# Smiley Face



## Palladium (Nov 13, 2012)

I had a beaker that i was letting some gold settle in from where i poured it off of another solution. I set it on the hot plate on the lowest setting to evaporate last nite and this is what i came out to the shop to find this morning.


----------



## element47.5 (Nov 13, 2012)

I would melt it and ask if the mods can remove your post at once. Otherwise Big Bird will be at your door in mere moments and force you to buy cookies with the proceeds of selling it.


----------



## Palladium (Nov 13, 2012)

element47.5 said:


> I would melt it and ask if the mods can remove your post at once. Otherwise Big Bird will be at your door in mere moments and force you to buy cookies with the proceeds of selling it.

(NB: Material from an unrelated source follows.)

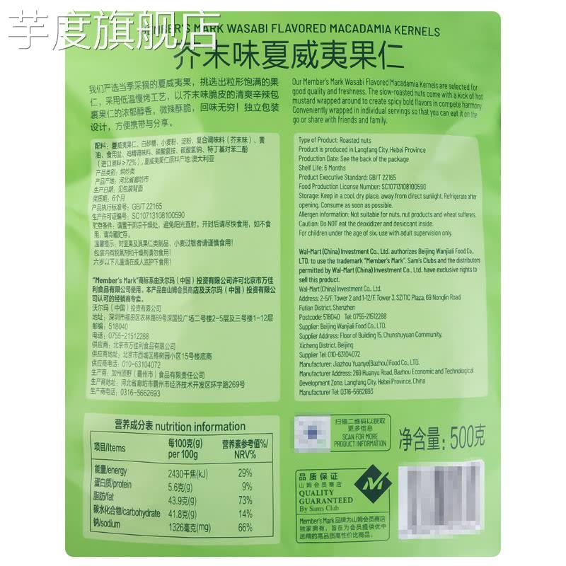 山姆会员超市代购 官方旗舰店芥末味夏威夷果仁烘焙咸蛋黄坚果500g

I've got kids and have been the cookie route already this year. Probably spent more on cookies than is in this beaker. Cookies are a big expense around here. :mrgreen:


----------



## Palladium (Nov 13, 2012)

M-I-C-K-E-Y
M-O-U-S-E

I should have sold it on ebay beaker and all just like the chicken nuggets. :mrgreen: 

http://minnesota.cbslocal.com/2012/03/06/presidential-mcnugget-sells-for-8k-on-ebay/


----------



## acpeacemaker (Nov 13, 2012)

That's money smilin' right back a 8) t you. That's awesome!


----------



## MMFJ (Nov 13, 2012)

Palladium said:


> I should have sold it on ebay beaker and all


Yeah, just need to preserve the shape - some 2-3 bottles of Super Glue should help...... :shock:


----------



## GotTheBug (Nov 13, 2012)

Wonder if it would ebay at the same price as the "Jesus toast"....


----------



## Palladium (Nov 13, 2012)

Notice the color shift in the powder just from the light?


----------



## galenrog (Nov 13, 2012)

Happy, happy, joy, joy, joy!!


----------



## Anonymous (Nov 20, 2012)

Nice smiley... I wish I had me one. Coming in due time.

What was the yield from that and what did you process to get it?



Kevin


----------



## Palladium (Nov 21, 2012)

I don't remember what that particular pictured gold weighed. I think somewhere around a half oz maybe. It was combined with the rest of the lot and then weighted so i don't know. It was from gold filled.


----------



## kadriver (Nov 21, 2012)

Great pictures - I was puzzled by the title.

Then I seen the pictures and I actually lost my breath in laughter (haven't laughed like that in a long time).

I think the last time was while watching a video of a washer on spin cycle full of bricks tearing itself apart

A great way to start the day - in laughter.

Thanks Palladium!

kadriver


----------